From: Amos Jeffries <>
Date: Thu, 11 Apr 2013 23:13:56 +1200

On 11/04/2013 10:48 p.m., Youssef Ghorbal wrote:
> On Apr 11, 2013, at 12:13 PM, Amos Jeffries <> wrote:
>> On 11/04/2013 12:23 a.m., Youssef Ghorbal wrote:
>>> I was aware of that page.
>>> As you said, it's often RPS so it's not relevant for me.
>> It is more relevant than you seem to think. Squid processing overheads are tied tightly to the request parsing and ACL testing processes. These are relatively fixed overheads for each request regardless of the request size.
> Thank you for the explanation. It confirms what I was expecting myself.
> What I meant, is that in my case I have ONE big object (the infamous >1G file) and 1 client and I want to know what to expect on the troughput point of view.
> As kinkie said, in my scenario, Squid is basically a network pipe. the overhead (ACL parsing etc is done one time)
> Maybe, the question here is how does Squid handle data buffers, or at which rate does it perform server reads on the one side and to client writes on the other.

Well, in absence of any other loading it would be one read per packet
just like you (or was it someone earlier) are seeing. With an internal
event call passing the buffered data through Squid to write the same
amount on the output. The "select" loop speed varies with a maximum loop
time held around 10ms and decreasing if packets arrive faster.
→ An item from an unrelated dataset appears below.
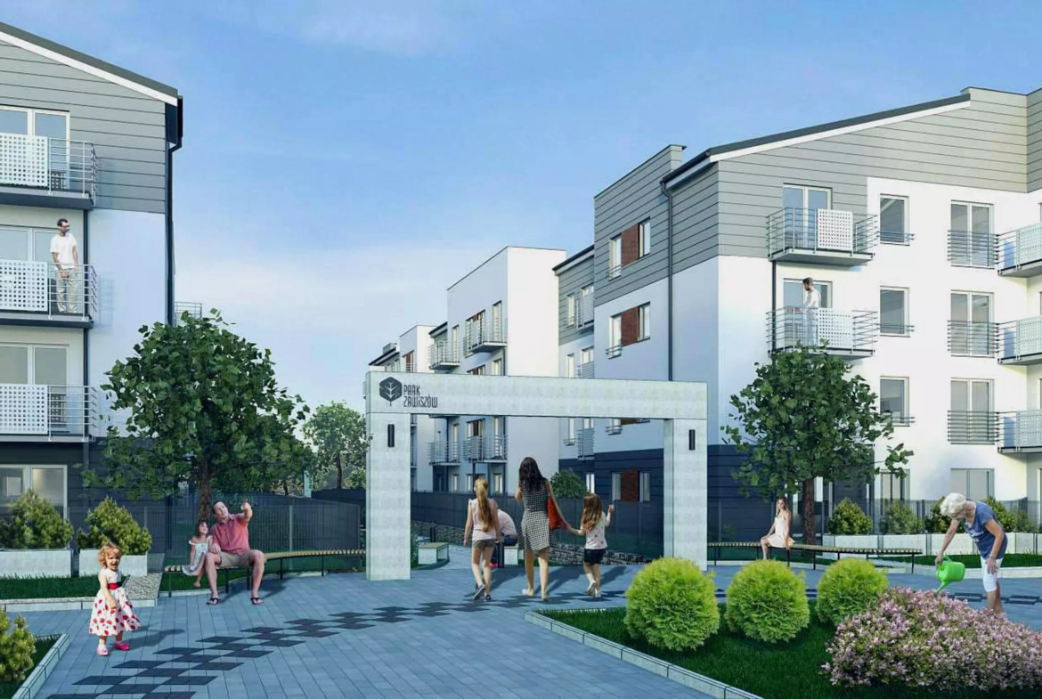 Ideą projektu Park Zawiszów było stworzenie zielonej enklawy pośród istniejącej zabudowy, w której mieszkańcy znajdą chwile wytchnienia, nawiążą relacje z sąsiadami, spędzą czas z dziećmi. Tuż przy budynku znajdą Państwo wiele ławek sprzyjającym sąsiedzkim pogawędkom oraz strefę chillout z miejscem do wypoczynku na świeżym powietrzu. Nieopodal znajduje się zewnętrzna siłownia, a przy bud. A urokliwa aleja spacerowa i multi-funkcyjny plac zabaw z piramidą linową, huśtawkami, mini-torem, trampoliną i bezpieczną piaskownicą dla maluszków zapewniającą wiele atrakcji dzieciom w każdym wieku.

You will have to try to follow the code to understand the buffers
unfortunately. I'm still learning thet part myself. For CONNECT requests
its easy, the input buffer is the output buffer - one fread() causes
fwrite() on the same buffer. For other requests is varies as Store
systems are also involved which may (or may not) cause a file I/O to
occur in the middle or a bufffer copy (I'm not sure here).


>> IIRC the 50Mbps traffic was on average HTTP request traffic objects in a medium sized ISP - we do not have any good detaisl on what that average was though. With very little extra overheads the same proxy on same hardware might also reach 100Mbps. All that is required is the avg object size to go from, for example, 16KB to 32KB which are both within the bounds of "average HTTP traffic" sizes (11-63KB).